NutriSource Grain Free canned dog food receives the Advisor’s second-lowest tier rating of 2.5 stars.

The NutriSource Grain Free product line includes four canned dog foods.

Each recipe below includes its related AAFCO nutrient profile when available on the product’s official webpage: Growth, Maintenance, All Life Stages, Supplemental or Unspecified.

  • NutriSource Grain Free Lamb Formula [U]
  • NutriSource Grain Free Heartland Select [U]
  • NutriSource Grain Free Chicken Formula [U]
  • NutriSource Grain Free Seafood Select (3 stars) [U]

NutriSource Grain Free Chicken Formula was selected to represent the other products in the line for this review.

NutriSource Grain Free Chicken Formula

Canned Dog Food

Estimated Dry Matter Nutrient Content

Protein = 46% | Fat = 43% | Carbs = 3%

Ingredients: Chicken, potassium chloride, cassia gum, carrageenan, choline chloride, guar gum, calcium carbonate, tricalcium phosphate, salt, zinc proteinate, iron proteinate, brewers dried yeast, Yucca schidigera plant extract, selenium yeast, copper proteinate, magnesium oxide, cobalt proteinate, manganese proteinate, ethylenediamine dihydroiodide, vitamin E supplement, thiamine mononitrate, niacin supplement, calcium pantothenate, biotin, vitamin A supplement, riboflavin supplement, vitamin B12 supplement, pyridoxine hydrochloride, vitamin D3 supplement, folic acid

Fiber (estimated dry matter content) = 2.3%

Red items indicate controversial ingredients

Estimated Nutrient Content
MethodProteinFatCarbs
Guaranteed Analysis10%10%NA
Dry Matter Basis46%43%3%
Calorie Weighted Basis30%68%2%
Protein = 30% | Fat = 68% | Carbs = 2%

The first ingredient in this dog food is chicken.
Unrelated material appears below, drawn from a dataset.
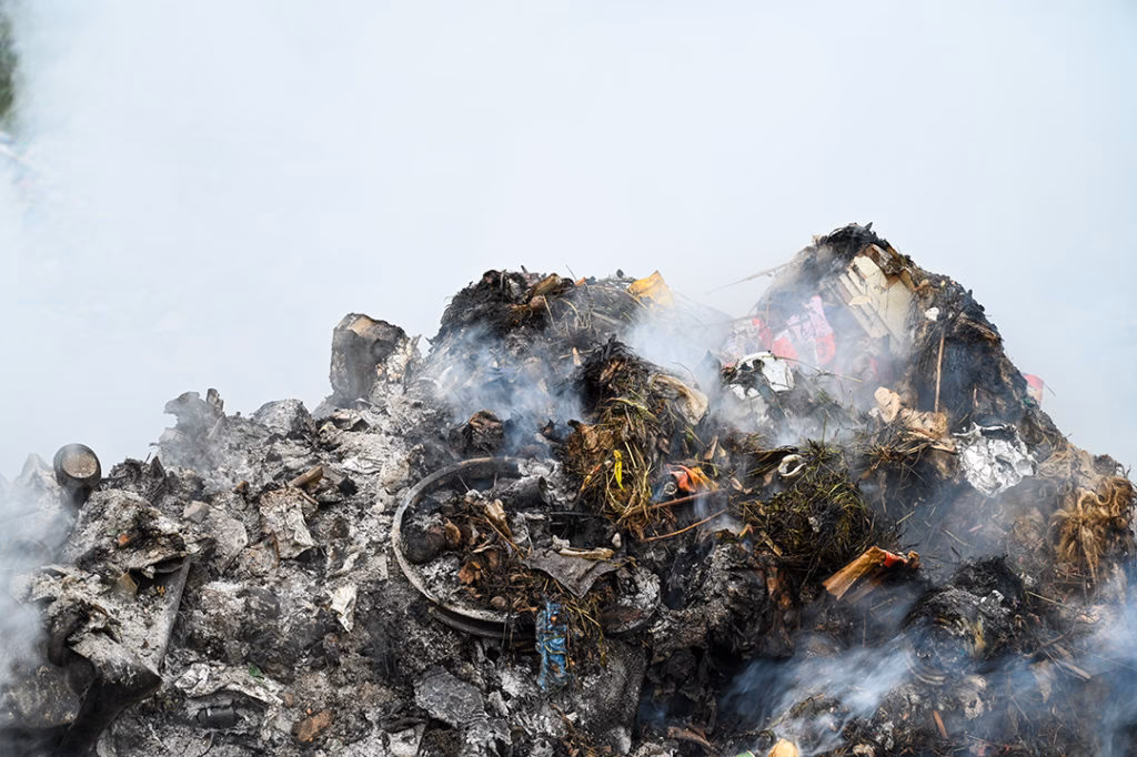La quema indiscriminada mezcla residuos orgánicos (hojas, ramas) con todo tipo de desechos inorgánicos: plásticos, gomas, textiles sintéticos, espumas, cueros y hasta restos de aparatos electrónicos. Esta combinación crea un cóctel químico aún más impredecible y peligroso.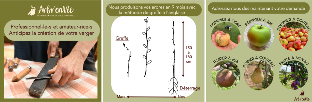 Les fruitiers sont élevés en pleine terre 1 à 2 ans max sous forme de scion (grande tige souple) et vendus en racine nue.

Chicken is considered “the clean combination of flesh and skin… derived from the parts or whole carcasses of chicken”.1

Chicken is naturally rich in the ten essential amino acids required by a dog to sustain life.

The second ingredient is potassium chloride, a nutritional supplement sometimes used as a replacement for the sodium found in table salt.
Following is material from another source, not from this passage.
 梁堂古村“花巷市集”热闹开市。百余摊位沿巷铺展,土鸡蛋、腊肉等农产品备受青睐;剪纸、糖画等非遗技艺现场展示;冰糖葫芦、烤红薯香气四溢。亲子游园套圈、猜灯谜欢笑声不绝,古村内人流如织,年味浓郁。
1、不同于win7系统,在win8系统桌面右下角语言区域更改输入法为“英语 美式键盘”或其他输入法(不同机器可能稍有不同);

The third ingredient is cassia gum. Cassia gum is a plant extract likely used here as a gelling agent and providing no nutritional value to this food.
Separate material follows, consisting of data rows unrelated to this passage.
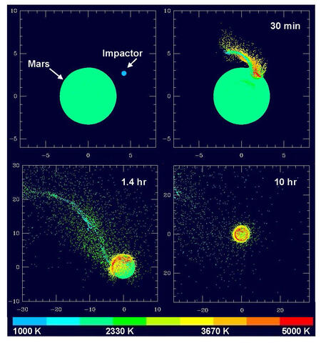 “Ours is the first self-consistent model to identify the type of impact needed to lead to the formation of Mars’ two small moons,” said lead author Dr. Robin Canup, an associate vice president in the SwRI Space Science and Engineering Division. Canup is one of the leading scientists using large-scale hydrodynamical simulations to model planet-scale collisions, including the prevailing Earth-Moon formation model.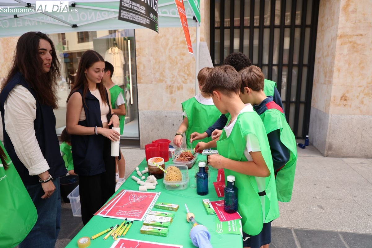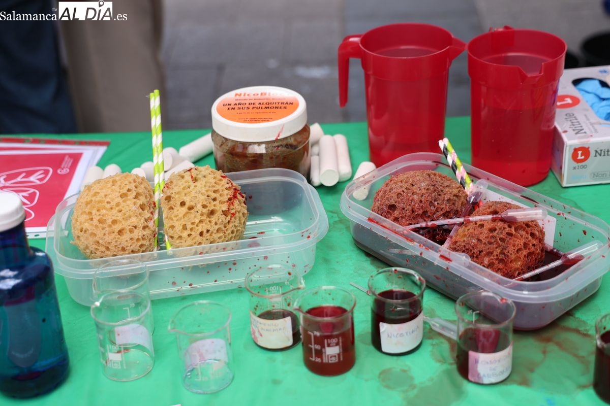 Un grupo de 25 niños salmantinos, junto a jóvenes voluntarios, fueron los protagonistas de la mañana. Tras participar en talleres de sensibilización, recorren la concurrida Calle Toro llevando un mensaje claro contra el consumo de tabaco y los nuevos dispositivos de vapeo. Su objetivo: concienciar a los viandantes sobre una adicción que sigue siendo la primera causa de muerte evitable.
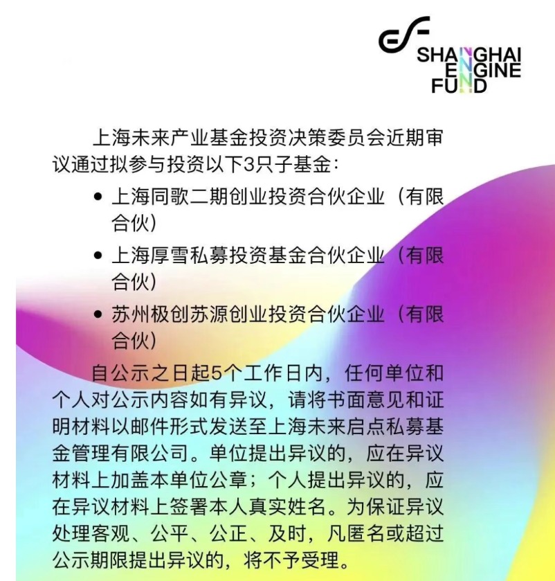 上海未来产业基金拟参与投资3只子基金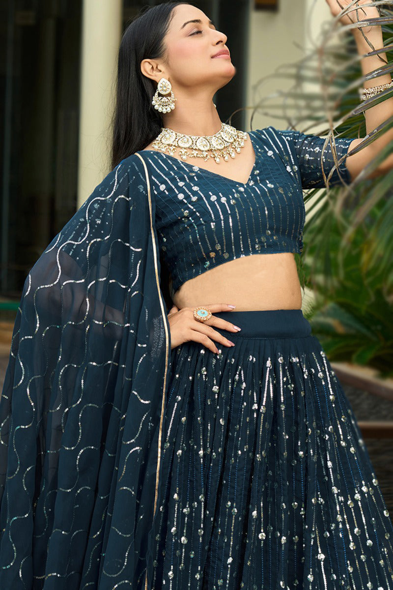 Embllished Semi Stitched Lehenga Choli (Cerulean)
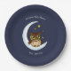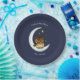 Owl Moon Blue Cute Stars Baby Shower Paper Plate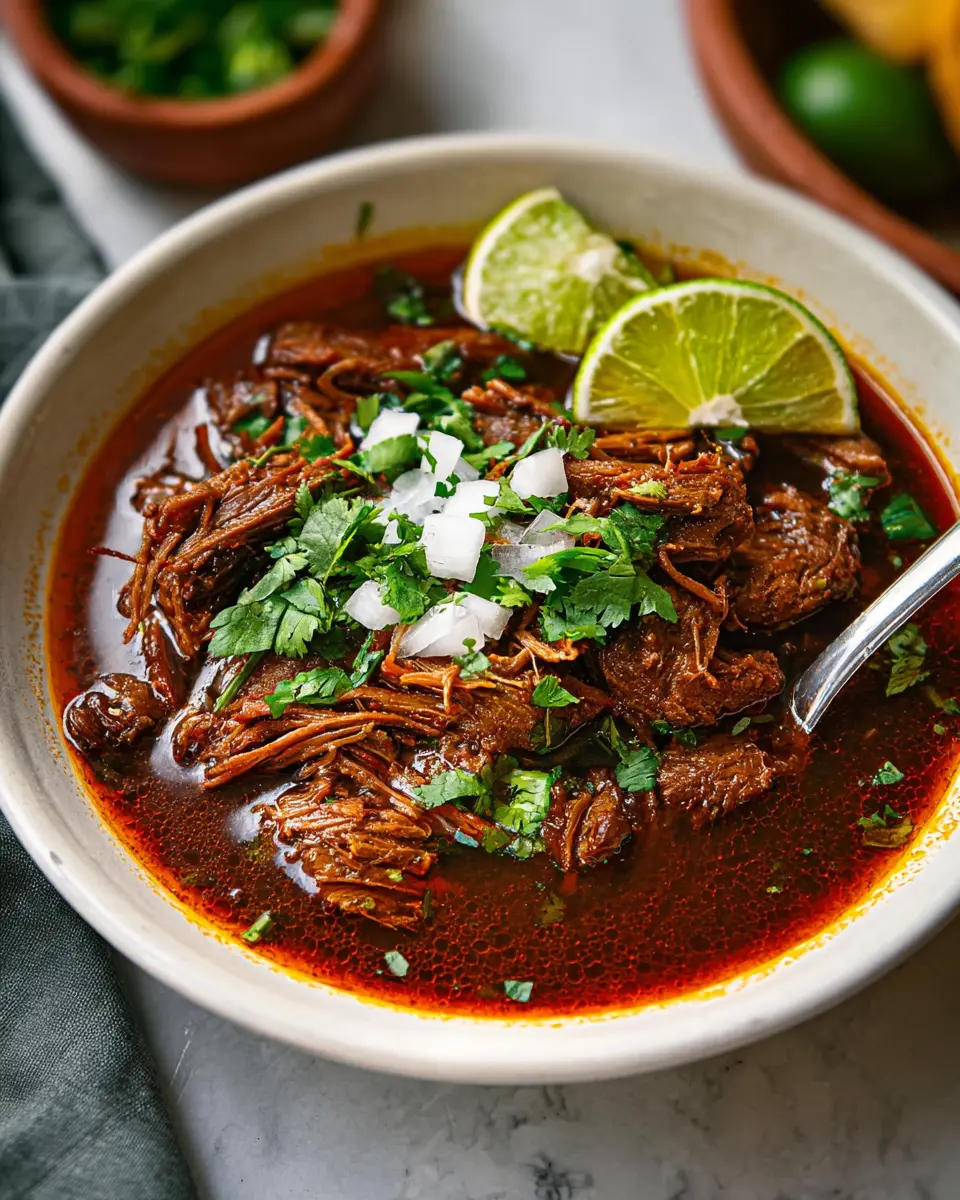 Return the shredded beef to the slow cooker and stir it into the sauce, letting it absorb the delicious liquid for a few minutes. When it's time to serve, you can either enjoy your birria straight from the slow cooker or assemble some inviting tacos. Don’t forget to garnish with chopped onion, fresh cilantro, and a squeeze of lime juice for that perfect finish.

The fourth ingredient is carrageenan, a gelatin-like thickening agent extracted from seaweed. Although carrageenan has been used as a food additive for hundreds of years, there appears to be some recent controversy regarding its long term biological safety.

From here, the list goes on to include a number of other items.

But to be realistic, ingredients located this far down the list (other than nutritional supplements) are not likely to affect the overall rating of this product.

With three notable exceptions

First, brewers yeast can be a controversial item. Although it’s a by-product of the beer making process, this ingredient is rich in minerals and other healthy nutrients.

Fans believe yeast repels fleas and supports the immune system.

Critics argue yeast ingredients can be linked to allergies. This may be true, but (like all allergies) only if your particular dog is allergic to the yeast itself.

In addition, a vocal minority insists yeast can increase the risk of developing the life-threatening condition known as bloat. However, this is a claim we’ve not been able to scientifically verify.

In any case, unless your dog is specifically allergic to it, yeast can still be considered a nutritious additive.

What’s more noteworthy here is that brewers yeast contains about 48% protein, a factor that must be considered when judging the actual meat content of this dog food.

Next, this food contains chelated minerals, minerals that have been chemically attached to protein. This makes them easier to absorb. Chelated minerals are usually found in better dog foods.

And lastly, this recipe includes selenium yeast. Unlike the more common inorganic form of selenium (sodium selenite), this natural yeast supplement is considered a safer anti-cancer alternative.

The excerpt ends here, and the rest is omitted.